Diese Datenübermittlungsvereinbarung („DÜV“) wird von und zwischen Celartem, Inc., handelnd unter dem Namen Extensis („Extensis“), und dem Kunden von [Extensis Online Services] („Kunde“) geschlossen, soweit der Kunde personenbezogene Daten an Extensis übermittelt oder Extensis den Zugriff auf personenbezogene Daten gestattet, die sich in einem Rechtsraum befinden, der besondere Schutzmaßnahmen für die Übermittlung von Informationen über internationale Grenzen hinweg erfordert, wie zum Beispiel der Europäische Wirtschaftsraum („EWR“).

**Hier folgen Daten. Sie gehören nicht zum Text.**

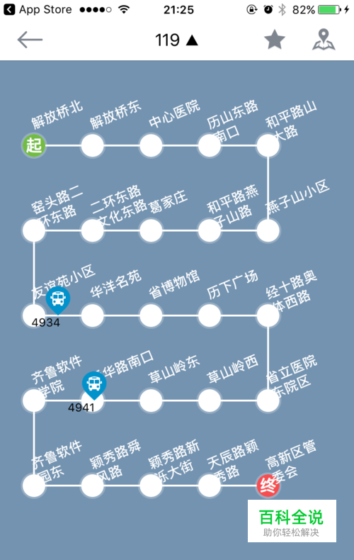 点击上方的公交车信息,如点击119,可以切换公交车方向,如将其切换成回去的公交车路线。

  1. Allgemeines. Die Parteien vereinbaren, dass sie für jeden nicht unten aufgeführten Rechtsraum, der besondere Schutzmaßnahmen für die internationale Datenübermittlung vorschreibt, hiermit die EWR-Standardvertragsklauseln für die Übermittlung personenbezogener Daten aus diesem Rechtsraum einhalten, sofern nichts anderes schriftlich vereinbart wird.
  2. Beschreibung der Verarbeitung und des Status der Parteien. In Anlage 1 ist der Status der Parteien nach dem einschlägigen Datenschutzrecht für jede für die Services relevante Verarbeitungsaktivität aufgeführt.
  3. Europäischer Wirtschaftsraum.
    1. EWR -Standardvertragsklauseln“ bezeichnet die Standardvertragsklauseln der Europäischen Union für die internationale Übermittlung aus dem Europäischen Wirtschaftsraum in Drittländer, Durchführungsbeschluss (EU) 2021/914 der Kommission vom 4. Juni 2021.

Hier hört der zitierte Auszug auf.